Lambert was supposed to be in Ryan Gorman's classroom, Speer said.

Lambert said he had some anxiety about beginning ninth grade at the high school. He hopes his teachers understand ninth-graders don't know what they are doing yet.

"It's a little bit hectic, crowded," Lambert said.

Jo Kaye Bandy and her son Emory met up with friends in the front lobby of the high school after finishing his schedule Monday.

"I'm exhausted, and it's only lunch," Jo Kaye Bandy said, as she rested in a chair. "The campus is amazing. It's beautiful."

Having a ninth-grader is heartbreaking, Jo Kaye Bandy said. She consciously tried to hold back and let her son figure out his first day of high school.

"He grew up too fast," Jo Kaye said. "I followed him in today and I thought back to walking him into kindergarten."

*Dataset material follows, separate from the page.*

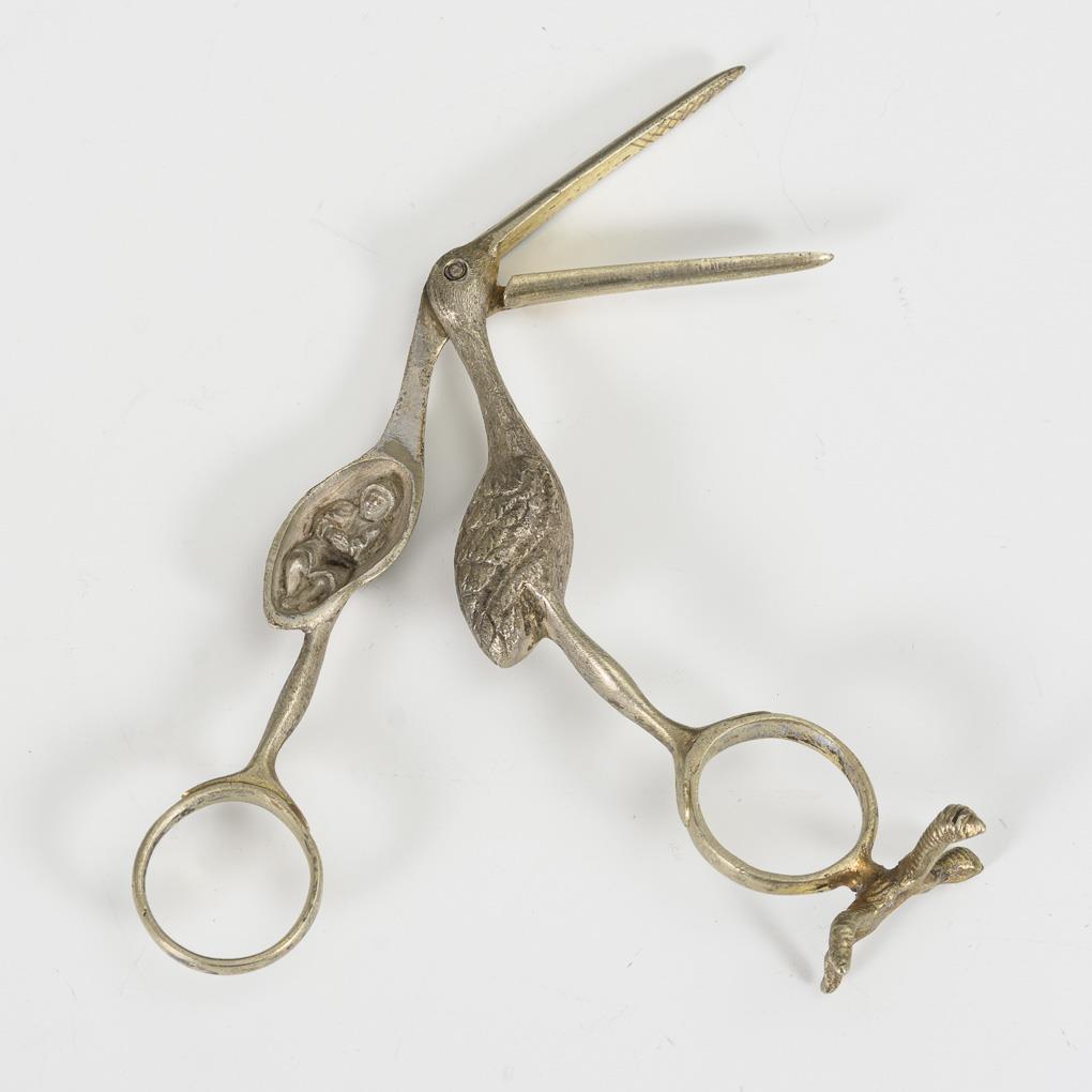 Silbernes Weinprobierschälchen und "Hebammenschere".

The Fayetteville School Board voted in 2007 to move the ninth grade from the junior high schools to the high school and to renovate the high school. Voters initially rejected a proposal in 2009 for a 4.9-mill increase in property taxes to pay for a project totaling $116 million.

District officials reworked the project into two phases, reducing the district's operating budget by $2 million to pay for the first $51 million in construction. Construction on the first phase began in June 2010 and ended in August 2012 on the south side of the campus. The first phase included a new Performing Arts Center, gymnasium, cafeteria, fine arts classrooms, junior varsity gym, wrestling gym, dance studio and administrative offices.

Voters passed a 2.75-mill increase in September 2010 to pay for the remaining $46 million in construction. The second phase consisted of renovations and new construction to create an academic building on the north side of the campus that was completed in three sections, Wilbourn said.

The first section of the second phase opened in August 2013, providing agriculture classrooms and labs. The middle section finished in 2014 with more classrooms spaces and the William Moore Library.

The final section involved more classroom spaces, Wilbourn said.